What the task requires
Leave out the pictures and retype, exactly, the lines below from the line with "Pretvorite baštu u" up to and including the line with "Тесьма с пайетками", nothing more.

*** Opening of Records supplied ***

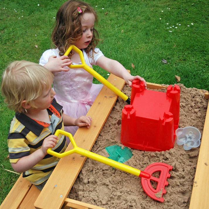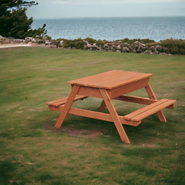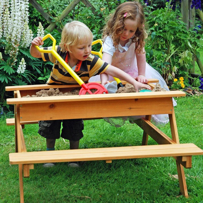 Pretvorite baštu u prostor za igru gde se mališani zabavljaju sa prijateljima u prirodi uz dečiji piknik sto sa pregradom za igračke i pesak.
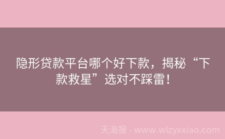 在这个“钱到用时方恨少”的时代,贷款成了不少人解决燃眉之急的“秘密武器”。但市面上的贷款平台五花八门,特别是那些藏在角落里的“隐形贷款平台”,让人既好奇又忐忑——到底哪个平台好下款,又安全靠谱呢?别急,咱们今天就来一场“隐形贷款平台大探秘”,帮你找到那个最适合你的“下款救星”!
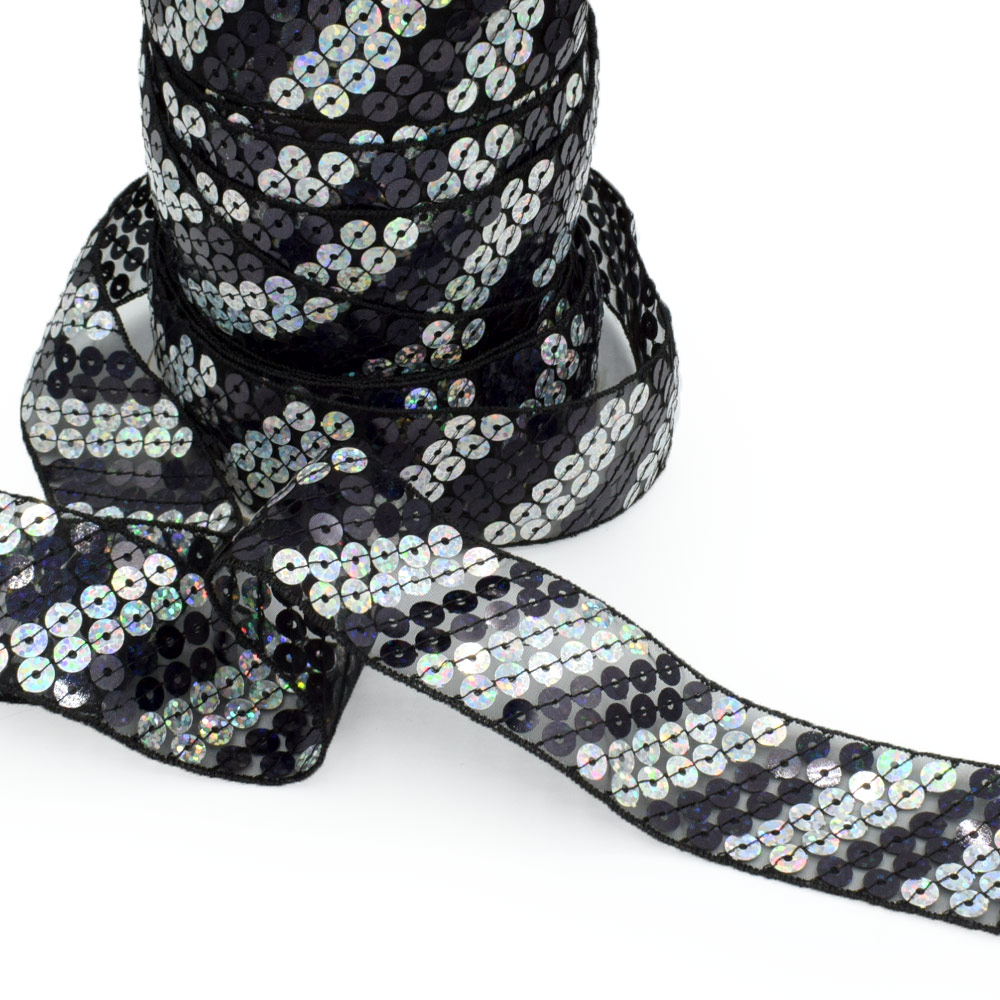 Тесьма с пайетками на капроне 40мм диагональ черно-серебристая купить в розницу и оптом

*** Close of Records supplied ***
*** Opening of Records supplied ***

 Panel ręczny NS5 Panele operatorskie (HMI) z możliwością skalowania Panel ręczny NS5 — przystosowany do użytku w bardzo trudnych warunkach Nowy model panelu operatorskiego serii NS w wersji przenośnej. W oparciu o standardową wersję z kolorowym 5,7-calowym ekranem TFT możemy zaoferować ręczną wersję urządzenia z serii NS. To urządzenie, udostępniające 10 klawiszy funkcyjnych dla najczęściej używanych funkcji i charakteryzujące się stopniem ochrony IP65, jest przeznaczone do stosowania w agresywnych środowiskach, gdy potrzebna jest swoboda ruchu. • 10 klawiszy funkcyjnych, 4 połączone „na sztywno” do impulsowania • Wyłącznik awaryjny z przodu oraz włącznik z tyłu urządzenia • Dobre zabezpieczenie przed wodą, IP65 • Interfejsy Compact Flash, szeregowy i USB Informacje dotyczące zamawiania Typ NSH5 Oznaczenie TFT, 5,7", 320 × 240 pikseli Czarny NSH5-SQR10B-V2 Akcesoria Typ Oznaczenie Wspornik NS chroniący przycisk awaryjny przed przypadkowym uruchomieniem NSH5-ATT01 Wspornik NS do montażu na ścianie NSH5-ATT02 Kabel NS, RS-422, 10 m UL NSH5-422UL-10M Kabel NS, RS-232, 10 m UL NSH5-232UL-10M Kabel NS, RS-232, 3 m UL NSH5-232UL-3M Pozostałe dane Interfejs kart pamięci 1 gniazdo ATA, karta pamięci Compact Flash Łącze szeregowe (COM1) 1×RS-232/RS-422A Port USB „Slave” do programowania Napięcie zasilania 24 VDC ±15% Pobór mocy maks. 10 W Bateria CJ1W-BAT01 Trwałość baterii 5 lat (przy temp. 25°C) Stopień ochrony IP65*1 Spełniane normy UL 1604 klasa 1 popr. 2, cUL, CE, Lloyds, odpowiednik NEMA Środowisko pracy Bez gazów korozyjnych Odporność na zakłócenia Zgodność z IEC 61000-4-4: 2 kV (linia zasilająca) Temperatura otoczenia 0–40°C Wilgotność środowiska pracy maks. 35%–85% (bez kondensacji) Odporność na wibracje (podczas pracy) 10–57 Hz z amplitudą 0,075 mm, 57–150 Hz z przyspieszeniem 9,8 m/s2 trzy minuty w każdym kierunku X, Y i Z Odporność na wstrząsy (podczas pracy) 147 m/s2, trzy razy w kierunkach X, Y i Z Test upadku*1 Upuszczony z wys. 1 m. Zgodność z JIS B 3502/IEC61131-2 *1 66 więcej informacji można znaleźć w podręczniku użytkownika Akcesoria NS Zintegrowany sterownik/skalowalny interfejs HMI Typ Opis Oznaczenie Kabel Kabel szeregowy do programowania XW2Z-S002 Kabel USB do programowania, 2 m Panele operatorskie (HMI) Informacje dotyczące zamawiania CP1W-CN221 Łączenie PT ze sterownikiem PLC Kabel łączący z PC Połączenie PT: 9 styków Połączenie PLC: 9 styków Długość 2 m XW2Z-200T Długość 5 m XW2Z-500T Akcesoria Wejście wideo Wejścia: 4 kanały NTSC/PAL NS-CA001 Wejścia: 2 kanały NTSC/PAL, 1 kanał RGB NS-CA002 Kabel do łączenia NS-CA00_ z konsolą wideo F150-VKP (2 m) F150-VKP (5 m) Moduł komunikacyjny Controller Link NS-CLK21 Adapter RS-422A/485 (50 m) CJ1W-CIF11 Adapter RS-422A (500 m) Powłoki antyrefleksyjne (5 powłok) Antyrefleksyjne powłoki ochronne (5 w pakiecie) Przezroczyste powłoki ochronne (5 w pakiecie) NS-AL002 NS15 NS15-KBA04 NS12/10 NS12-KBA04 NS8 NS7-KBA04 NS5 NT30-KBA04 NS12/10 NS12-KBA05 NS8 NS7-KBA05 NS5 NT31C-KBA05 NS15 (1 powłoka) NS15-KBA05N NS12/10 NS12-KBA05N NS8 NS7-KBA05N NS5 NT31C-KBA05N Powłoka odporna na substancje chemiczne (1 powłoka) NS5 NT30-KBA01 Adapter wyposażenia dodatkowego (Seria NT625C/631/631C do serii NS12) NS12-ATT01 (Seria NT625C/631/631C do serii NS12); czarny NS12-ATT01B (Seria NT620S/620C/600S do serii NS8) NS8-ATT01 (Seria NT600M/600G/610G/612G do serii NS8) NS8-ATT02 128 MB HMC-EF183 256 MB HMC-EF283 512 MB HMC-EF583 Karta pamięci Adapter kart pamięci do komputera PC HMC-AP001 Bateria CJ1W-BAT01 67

*** Close of Records supplied ***

Final answer
 Pretvorite baštu u prostor za igru gde se mališani zabavljaju sa prijateljima u prirodi uz dečiji piknik sto sa pregradom za igračke i pesak.
 在这个“钱到用时方恨少”的时代,贷款成了不少人解决燃眉之急的“秘密武器”。但市面上的贷款平台五花八门,特别是那些藏在角落里的“隐形贷款平台”,让人既好奇又忐忑——到底哪个平台好下款,又安全靠谱呢?别急,咱们今天就来一场“隐形贷款平台大探秘”,帮你找到那个最适合你的“下款救星”!
 Тесьма с пайетками на капроне 40мм диагональ черно-серебристая купить в розницу и оптом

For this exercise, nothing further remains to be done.